- _Required work_:
The output should be the listing below, limited to the lines from the one with "3. 해당 문자열의 전체를" through the one with "Oyuncak kahve makinası", exact and without pictures.

***** Dataset extract

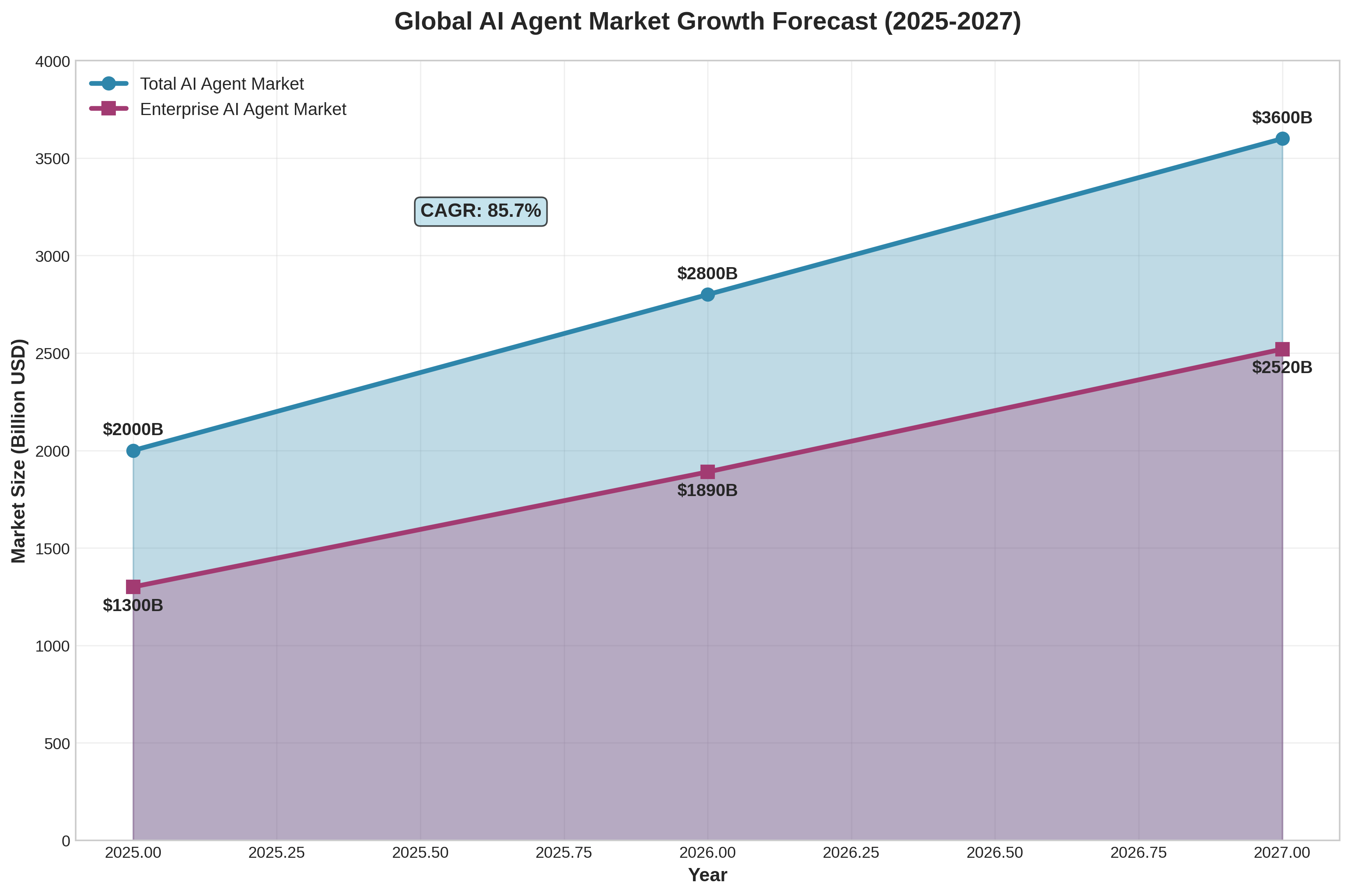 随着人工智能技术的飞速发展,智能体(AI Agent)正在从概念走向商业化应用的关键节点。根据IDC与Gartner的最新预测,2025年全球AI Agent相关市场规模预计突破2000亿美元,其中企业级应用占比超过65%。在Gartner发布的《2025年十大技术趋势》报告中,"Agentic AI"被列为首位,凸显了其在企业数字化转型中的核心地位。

**********
***** Dataset extract

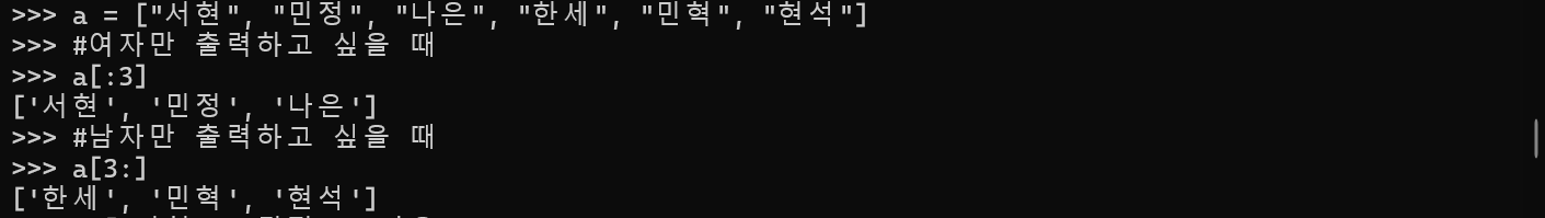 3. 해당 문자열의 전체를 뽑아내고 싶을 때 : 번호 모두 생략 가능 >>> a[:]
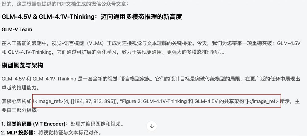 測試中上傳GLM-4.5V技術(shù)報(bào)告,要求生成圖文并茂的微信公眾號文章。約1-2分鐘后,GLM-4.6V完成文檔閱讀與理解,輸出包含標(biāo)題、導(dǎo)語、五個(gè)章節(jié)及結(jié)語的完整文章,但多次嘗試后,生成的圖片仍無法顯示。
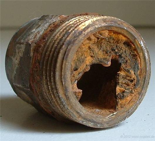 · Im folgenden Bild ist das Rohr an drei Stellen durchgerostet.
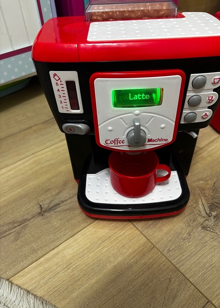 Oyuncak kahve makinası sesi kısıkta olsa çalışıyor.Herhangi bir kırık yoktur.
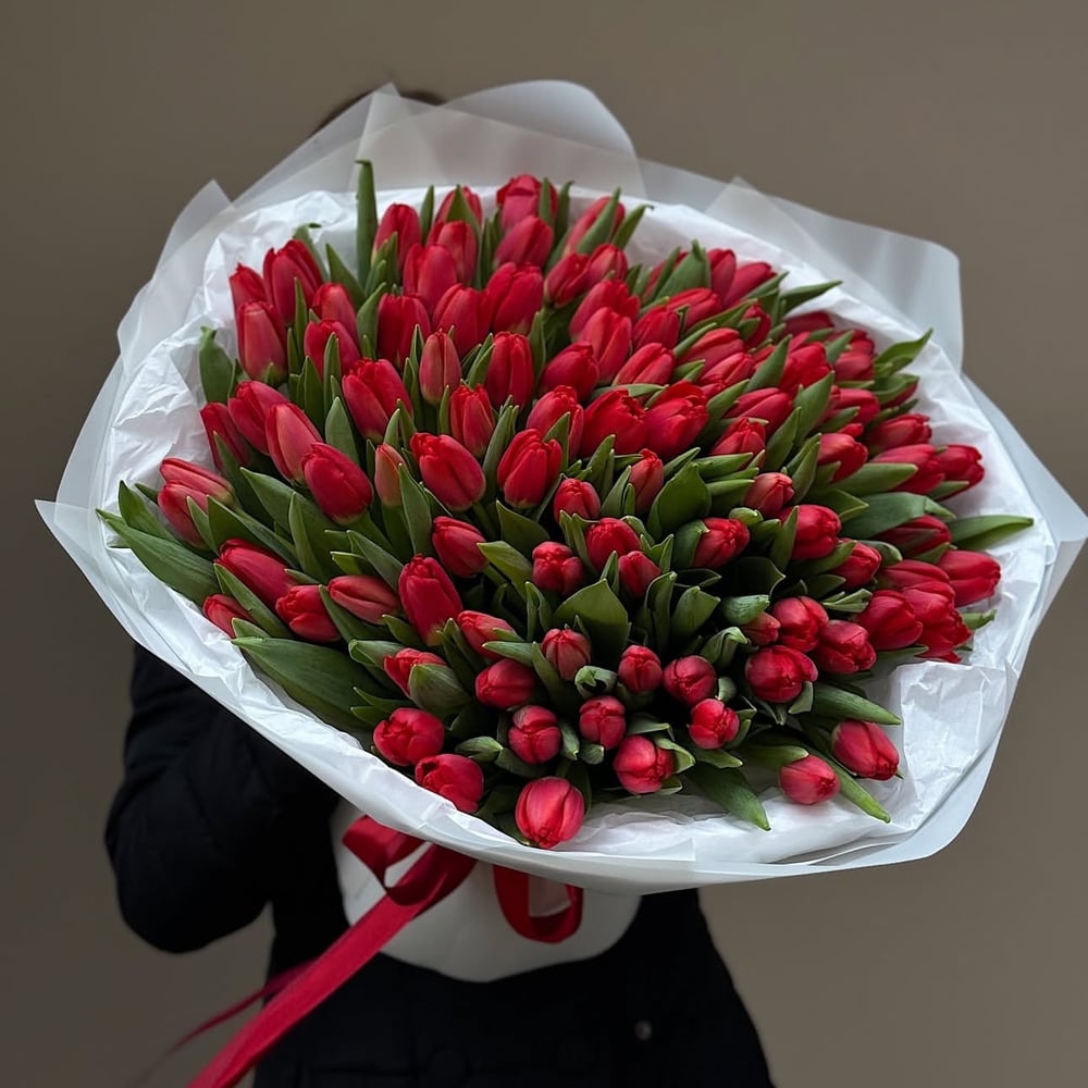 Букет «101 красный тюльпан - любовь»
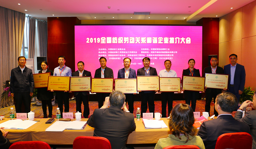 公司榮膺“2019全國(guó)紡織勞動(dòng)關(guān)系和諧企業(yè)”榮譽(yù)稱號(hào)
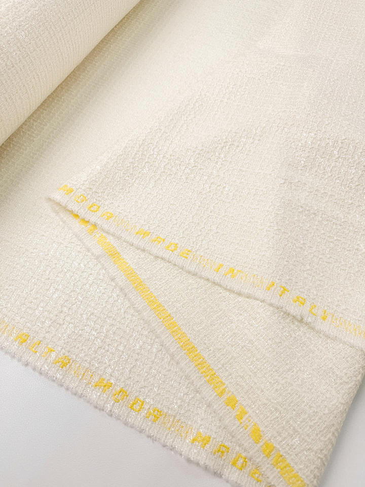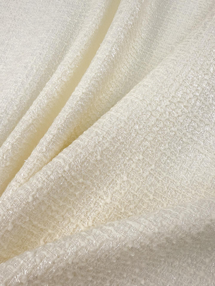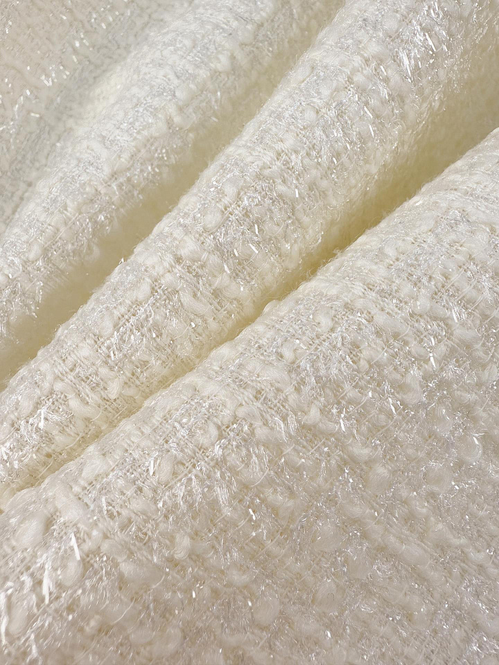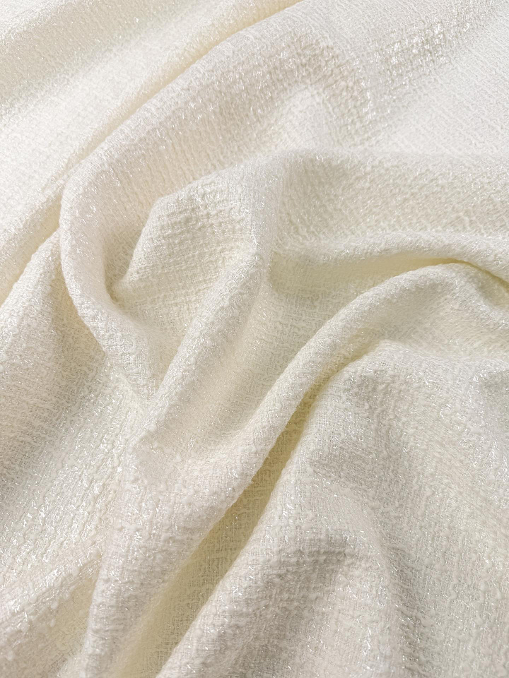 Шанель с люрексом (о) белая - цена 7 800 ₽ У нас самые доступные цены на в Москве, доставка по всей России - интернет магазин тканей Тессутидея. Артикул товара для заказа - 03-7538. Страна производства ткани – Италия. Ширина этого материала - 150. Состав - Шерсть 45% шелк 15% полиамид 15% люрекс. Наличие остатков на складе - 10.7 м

**********

- _Exercise solution_:
 3. 해당 문자열의 전체를 뽑아내고 싶을 때 : 번호 모두 생략 가능 >>> a[:]
 測試中上傳GLM-4.5V技術(shù)報(bào)告,要求生成圖文并茂的微信公眾號文章。約1-2分鐘后,GLM-4.6V完成文檔閱讀與理解,輸出包含標(biāo)題、導(dǎo)語、五個(gè)章節(jié)及結(jié)語的完整文章,但多次嘗試后,生成的圖片仍無法顯示。
 · Im folgenden Bild ist das Rohr an drei Stellen durchgerostet.
 Oyuncak kahve makinası sesi kısıkta olsa çalışıyor.Herhangi bir kırık yoktur.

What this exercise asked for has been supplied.